For example, what happens if you eventually need long-term care following an illness or injury? While there are state Medicaid-related programs like Freedomcare that help with the costs of long-term care, you may need more protection than that.
You protect yourself in terms of making sure you and your family are cared for with the appropriate levels of insurance. Moreover, you are also taking steps to secure your financial assets. The following is a guide to the types of insurance coverage everyone should aim to have.
If you drive, auto insurance is not a recommendation. Rather, it is a legal necessity in most states. According to 2019 data, a car accident, even if it does not involve injuries, could cost more than $12,000. If a crash is deadly, it potentially costs more than $1.7 million.
In the majority of states, you have to have basic liability auto insurance. Basic liability covers injuries or death, property damage, and legal fees when you are legally responsible for an accident.

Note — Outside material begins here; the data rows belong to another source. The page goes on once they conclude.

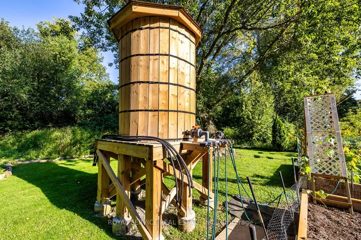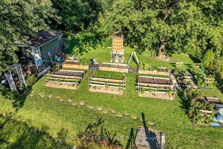 Welcome to this stunning country bungalow, a true retreat for nature lovers & garden enthusiasts alike. Nestled among mature trees & beautifully manicured perennial gardens, this home offers a rare blend of charm, functionality, & outdoor living at its finest. Step inside to an inviting living room, complete with a large bay window that fills the space with natural light, and electric fireplace. The heart of the home is the custom kitchen, showcasing stainless steel appliances, a double oven, double-drawer dishwasher, and a convenient breakfast bar. Custom cabinetry provides both style & storage, making this kitchen as practical as it is beautiful! The main floor features three spacious bedrooms, each with large windows & ample closet space. Halfway down the stairs you’ll find one of the hardest-working spaces in the house, the laundry room. Equipped with heated floors & direct access to the oversized two-car garage, this room makes everyday tasks effortless. The garage itself is ideal for hobbyists or professionals alike, with a built-in workshop, storage, and access to both the front and back yards. Continue to the fully finished basement, where a versatile kitchenette with plenty of storage adds convenience and flexibility. Just off this area, a dedicated cold room provides the perfect space for canning, or garden harvest storage. The large recreation room features a gas fireplace and a walk-out to the backyard, seamlessly blending indoor and outdoor living. Step outside to experience a backyard oasis unlike any other. Meandering walkways guide you through perennial gardens, vegetable plots with their own water tower & irrigation systems, and tranquil water features including a seasonal stream create a peaceful atmosphere. A greenhouse provides year-round gardening opportunities, while an enchanting bunkie complete with a double bed offers a delightful retreat for guests! Private well, refurbished in 2011, provides reliable high-quality water.
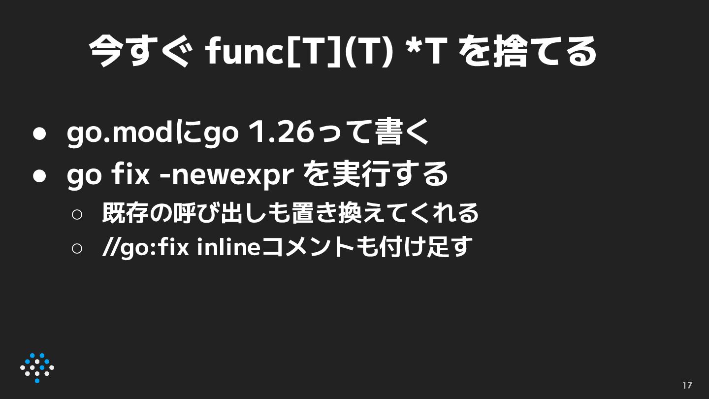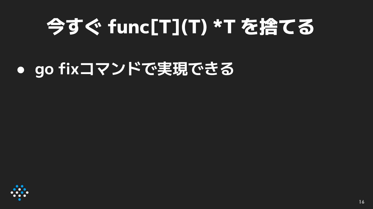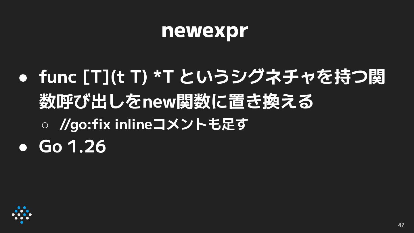 newexpr • func [T](t T) *T というシグネチャを持つ関 数呼び出しをnew関数に置き換える ◦ //go:fix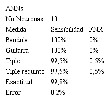 Debido a lo extenso de la investigación, a continuación, solo se presentan los resultados más y menos destacados. En la Tabla 7 se ilustran: lo valores en porcentaje de Exactitud y Error, junto a los porcentajes de la Sensibilidad y la Tasa de Falsos Negativos (FNR) presentada por la bandola, el tiple, el tiple requinto y la guitarra, utilizando la técnica ANNs de 10 neuronas y aplicando a la matriz de entrenamiento el método PCA, eligiendo los primeros 100 componentes principales.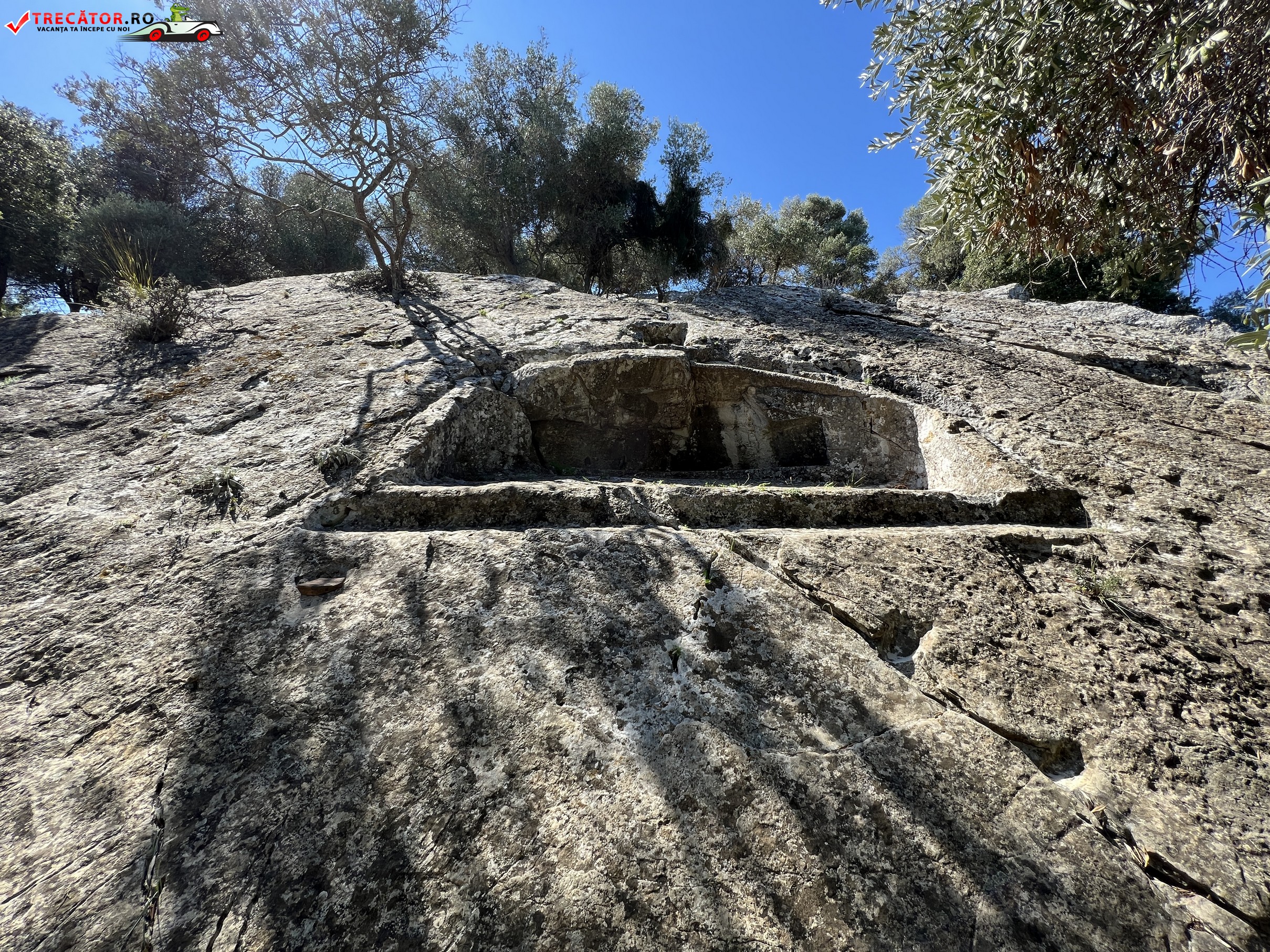 În coborâre se poate vedea cea mai mare parte a templului lui Hercule, dezgropată de săpăturile arheologice.

Some states require that you have personal injury protection (PIP) and possibly uninsured motorist coverage. These types of coverage pay for medical expenses stemming from the accident and any injuries your passengers suffer — no matter who is at fault for the accident. This type of coverage also protects you in hit-and-run accidents or in accidents with uninsured drivers.
Also consider collision coverage that covers the costs of repairing or replacing your car if you are in a wreck and it has damaged or totaled. Comprehensive insurance covers losses not directly caused by a wreck, like theft or a flood.
Health insurance is an essential thing that you need to have, but it is also confusing and often expensive. Regardless of the downsides of buying health insurance, the risks of not having it are much greater.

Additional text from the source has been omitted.